Member of the Legislative Assembly for Rae Bareli
- In office 1993–2017
- Preceded by: Ashok Kumar Singh
- Succeeded by: Aditi Singh
- Constituency: Rae Bareli Sadar

Personal details
- Born: 15 September 1959 Raebareli, Uttar Pradesh, India
- Died: 20 August 2019 (aged 59) Lucknow, Uttar Pradesh, India
- Party: Peace Party of India
- Other political affiliations: Indian National Congress
- Children: Aditi Singh
- Alma mater: Feroze Gandhi College, Kanpur University
- Occupation: Politician

= Akhilesh Kumar Singh =

Indian politician (1959–2019)

Akhilesh Kumar Singh (15 September 1959 – 20 August 2019) was an Indian politician.

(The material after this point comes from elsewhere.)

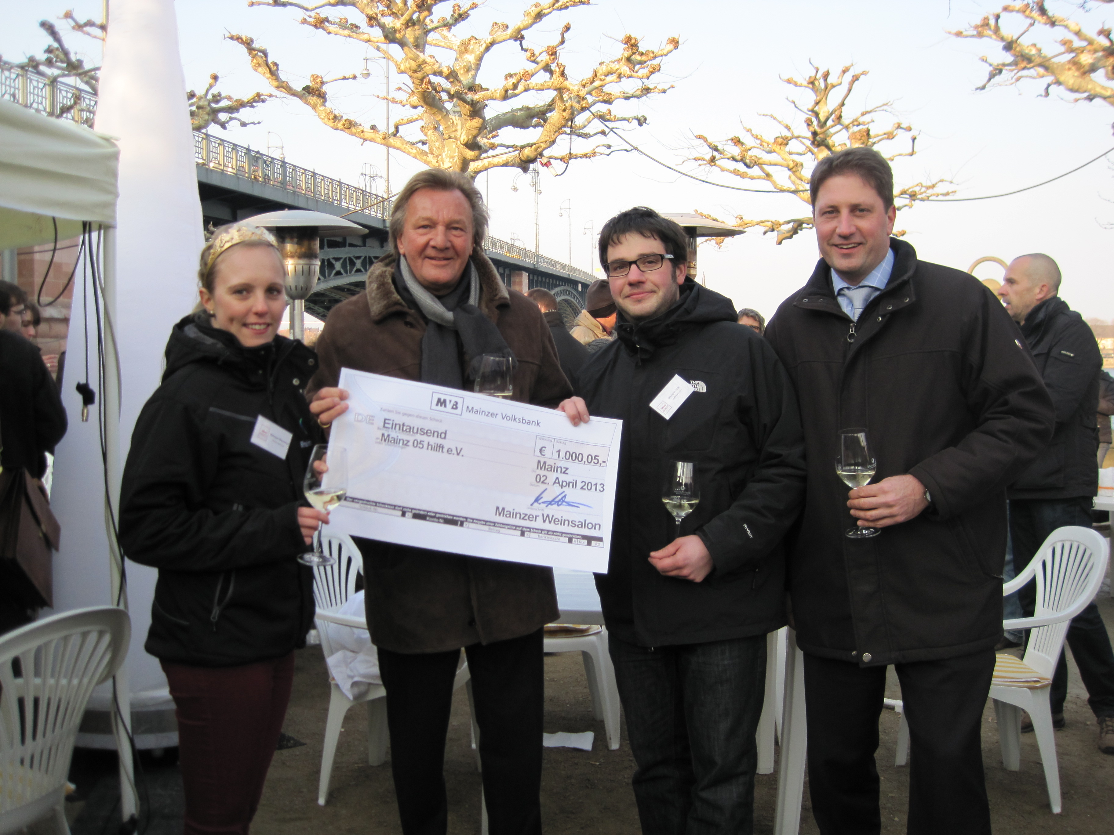 Am vergangenen Dienstag feierte der Mainzer Weinsalon mit zahlreichen Besuchern am Brückenkopf seinen vierten Geburtstag. Die rheinhessischen Jungwinzer bedachten mit ihrer jährlichen Spende diesmal die Initiative Mainz 05 hilft e.V. und überreichten sie dem Präsidenten Harald Strutz persönlich.

Akhilesh Singh was born on 15 September 1959. Singh was first elected to the Uttar Pradesh Legislative Assembly in 1993 as an Indian National Congress candidate from Rae Bareli Sadar. Singh won reelection twice, in 1996 and 2002, while retaining his affiliation with Congress. Expelled from Congress prior to the 2007 election, Singh ran as a political independent and won a fourth legislative term. Singh contested the 2012 election after joining the Peace Party of India. Upon the completion of his fifth legislative term, Singh's daughter Aditi announced that she would contest her father's open seat in 2017, which she won on Congress ticket.

In later life, Singh was diagnosed with cancer, and died of the disease while seeking treatment at the Sanjay Gandhi Postgraduate Institute of Medical Sciences on 20 August 2019.